The lack of mushroom research means that they and their effects are still somewhat unknown and unpredictable. If you feel seriously ill, do not hesitate to contact your healthcare provider.
Can you die from too many mushrooms?
While it can certainly feel awful if you’ve ingested too many shrooms, the chances of dying from them are slim to non-existent. Very few consumers report needing to see a doctor, and scientists who have studied the negative effects of ingesting psilocybin mushrooms have found that it is often due to high doses (exact amount is not specified) and mixing Mushrooms are related to other substances – more research is needed to make a definitive statement.
High doses of mushrooms often affect a person’s coordination and balance, as well as their depth of field, so we recommend avoiding driving, strenuous physical activity, and drinking alcohol when ingesting mushrooms.

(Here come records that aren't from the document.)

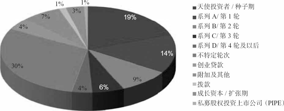 如果创业投资为创新型创业企业提供融资,天使投资者则被认为是种子投资的关键要素。如图4-8所示,天使投资者在创业投资的融资轮次中占20%。如果没有天使投资者,许多创业投资基金的投资机会根本不会存在。
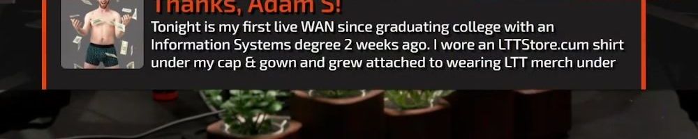 Thanks, Adam S! Tonight is my first live WAN since graduating college with an Information Systems degree 2 weeks ago. I wore an LTTStore.com shirt under my cap & gown and grew attached to wearing LTT merch under
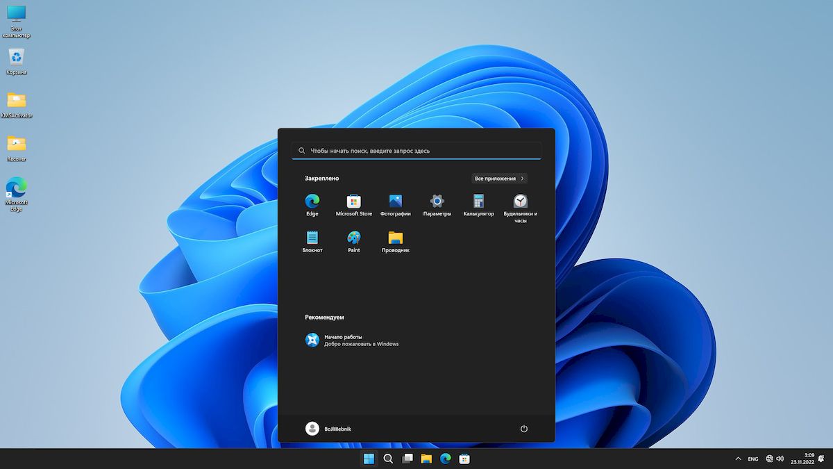 После установки Windows 11 Pro от BoJlIIIebnik, пользователь получает полностью готовую к работе операционную систему. Учётная запись создаётся локально, без привязки к интернету, что ускоряет настройку. Интерфейс работает в тёмной теме по умолчанию, на рабочем столе отображаются значки «Этот компьютер» и «Корзина», что упрощает навигацию. Все системные службы, отвечающие за отправку данных в Microsoft, отключены: телеметрия, SmartScreen, автоматический сбор статистики, отслеживание приложений и документов. Windows Defender деактивирован, но его легко можно включить через настройки, если потребуется временная защита. Обновления системы больше не устанавливаются автоматически — система лишь уведомляет о наличии, что позволяет пользователю самостоятельно решать, когда обновляться. Загрузка образа возможна через торрент или прямую ссылку, запись на флешку выполняется стандартными средствами, такими как Rufus или встроенный в Windows установщик.
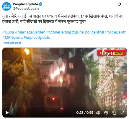 गुना। शहर के बीजी रोड क्षेत्र में उस वक्त अफरा-तफरी का माहौल बन गया जब देर रात एक मैरिज गार्डन में बारात के दौरान अचानक कुछ असामाजिक तत्वों ने पथराव कर दिया। यह घटना शहर के शहनाई गार्डन के पास हुई, जहां ग्राम बरखेड़ा निवासी शर्मा परिवार की बारात समारोह चल रहा था। पथराव की घटना में एक व्यक्ति घायल हो गया, जिसे उपचार के लिए जिला अस्पताल में भर्ती कराया गया है। वहीं मौके पर पहुंची पुलिस ने 17 आरोपियों के खिलाफ मामला दर्ज कर लिया है और कई संदिग्धों को हिरासत में लेकर पूछताछ शुरू कर दी है।

Keep in mind that due to the huge variety of fungal species, not all are benign. Different types of mushrooms contain different amounts of these toxins, and some are definitely too toxic to eat. Most mushroom poisoning results from misidentifying mushrooms and eating a poisonous variety.
Are mushrooms addictive?
Similar to cannabis, the classification of fungi as a Schedule I substance was based on propaganda and fear-mongering rather than scientific evidence. Mushrooms are not an addictive substance like alcohol, opioids and amphetamines can be; Ingestion of mushrooms does not lead to physical dependence.
However, some people can become emotionally dependent on mushrooms to cope with factors in their daily lives. We don’t yet know the full extent of the effects of psilocybin and psychedelics on the human brain, so we can’t say for sure that psilocybin mushrooms don’t have addictive properties.